• _GOAL OF THE EXERCISE_: Your copy of the listing should be exact and should contain no pictures.
------------------------------------------------------------
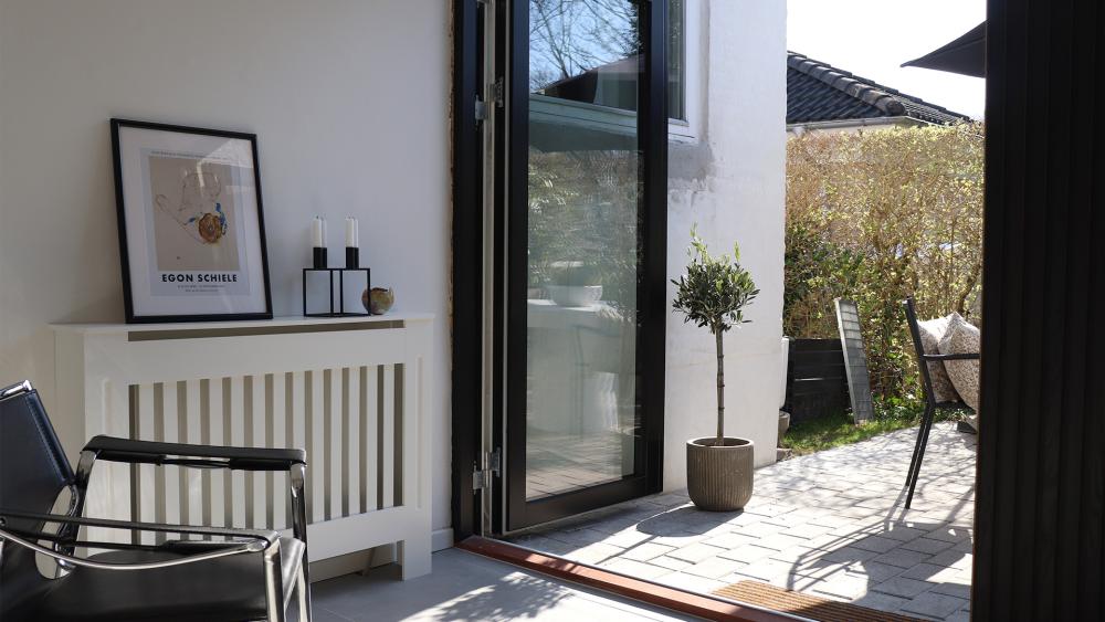 "Vi var i tvivl om, hvilken løsning vi skulle bruge til udgangen til vores lille terrasse. Den eksisterende dør fungerede fint, men vi ville gerne have en løsning, hvor vi kunne udvide indearealet med uderummet. Vi kontaktede Vinduesgrossisten, som meget kyndigt og venligt hjalp os med forslag til hvordan det nye parti kunne se ud.
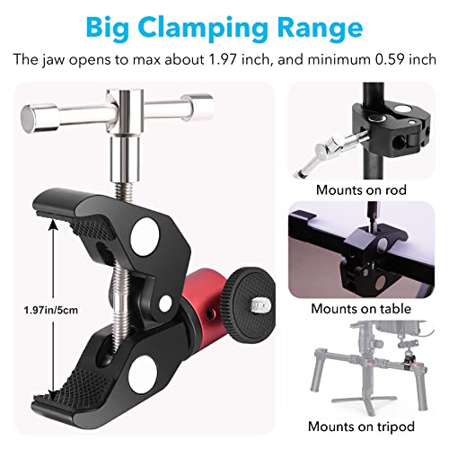Homeet Super Morsetto Clamp con Teste Treppiedi Supporto Pinza Fotocamera Granchio Clip Rotazione a 360°con Filettature da 1/4 "e 3/8" per Monitor/Flash LED/Telecamera/Microfono/GPS【Rosso Teste】
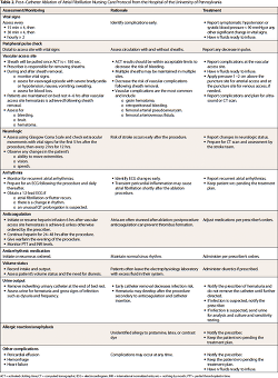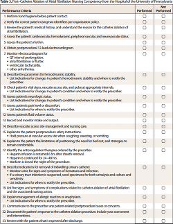 The success of catheter ablation for atrial fibrillation depends on nurses who are familiar with indications for the procedure, pre- and post-procedure monitoring, possible complications, and discharge teaching, and who understand the care of patients undergoing this procedure. Owing to the potential for postoperative complications, nurses at the Hospital of the University of Pennsylvania have developed a skills checklist to standardize nursing competency based on the nursing care protocol. Table 3 summarizes the specific skills required.
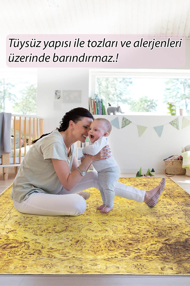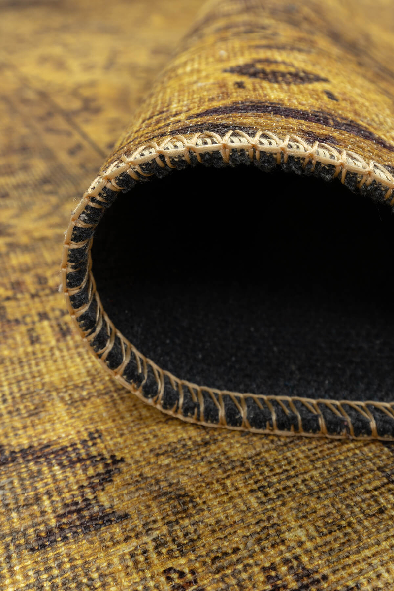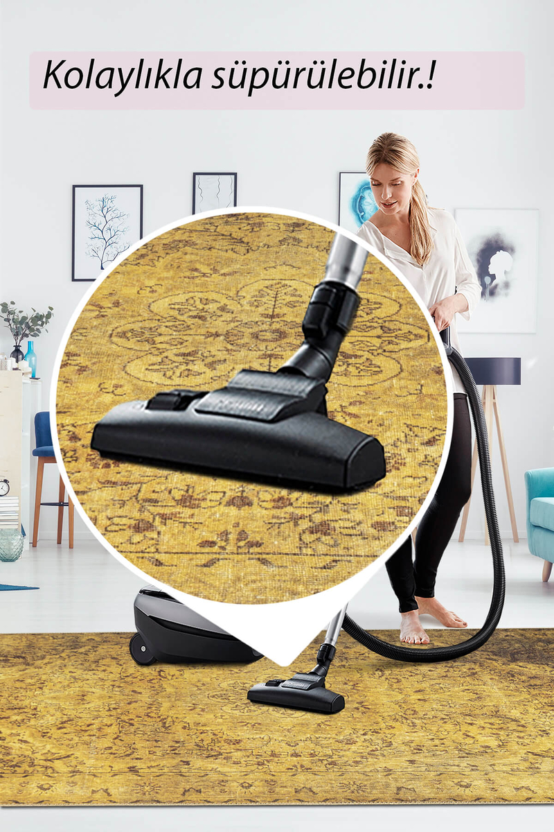 Gelince Haber VerOutlet 210x210 Kare Blues Vintage Desenli Dokuma Taban Dekoratif Sarı Halı AL-24
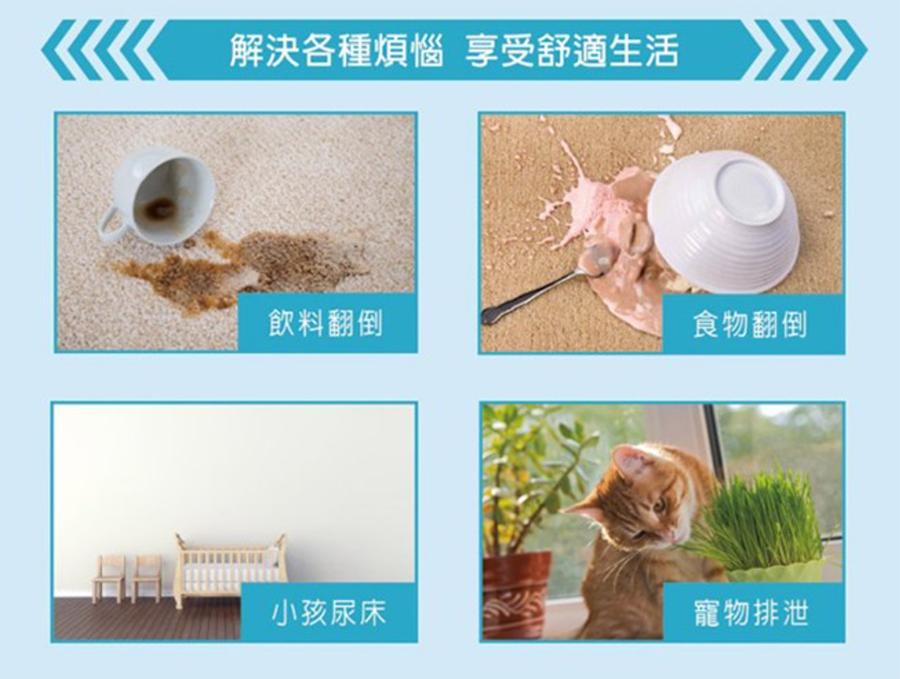 ◆ 輕鬆解決生活煩惱,掃除飲料或食物翻倒、小孩尿床、寵物排泄之汙漬
------------------------------------------------------------
• _OUTPUT OF THE TASK_:
 "Vi var i tvivl om, hvilken løsning vi skulle bruge til udgangen til vores lille terrasse. Den eksisterende dør fungerede fint, men vi ville gerne have en løsning, hvor vi kunne udvide indearealet med uderummet. Vi kontaktede Vinduesgrossisten, som meget kyndigt og venligt hjalp os med forslag til hvordan det nye parti kunne se ud.
Homeet Super Morsetto Clamp con Teste Treppiedi Supporto Pinza Fotocamera Granchio Clip Rotazione a 360°con Filettature da 1/4 "e 3/8" per Monitor/Flash LED/Telecamera/Microfono/GPS【Rosso Teste】
 The success of catheter ablation for atrial fibrillation depends on nurses who are familiar with indications for the procedure, pre- and post-procedure monitoring, possible complications, and discharge teaching, and who understand the care of patients undergoing this procedure. Owing to the potential for postoperative complications, nurses at the Hospital of the University of Pennsylvania have developed a skills checklist to standardize nursing competency based on the nursing care protocol. Table 3 summarizes the specific skills required.
 Gelince Haber VerOutlet 210x210 Kare Blues Vintage Desenli Dokuma Taban Dekoratif Sarı Halı AL-24
 ◆ 輕鬆解決生活煩惱,掃除飲料或食物翻倒、小孩尿床、寵物排泄之汙漬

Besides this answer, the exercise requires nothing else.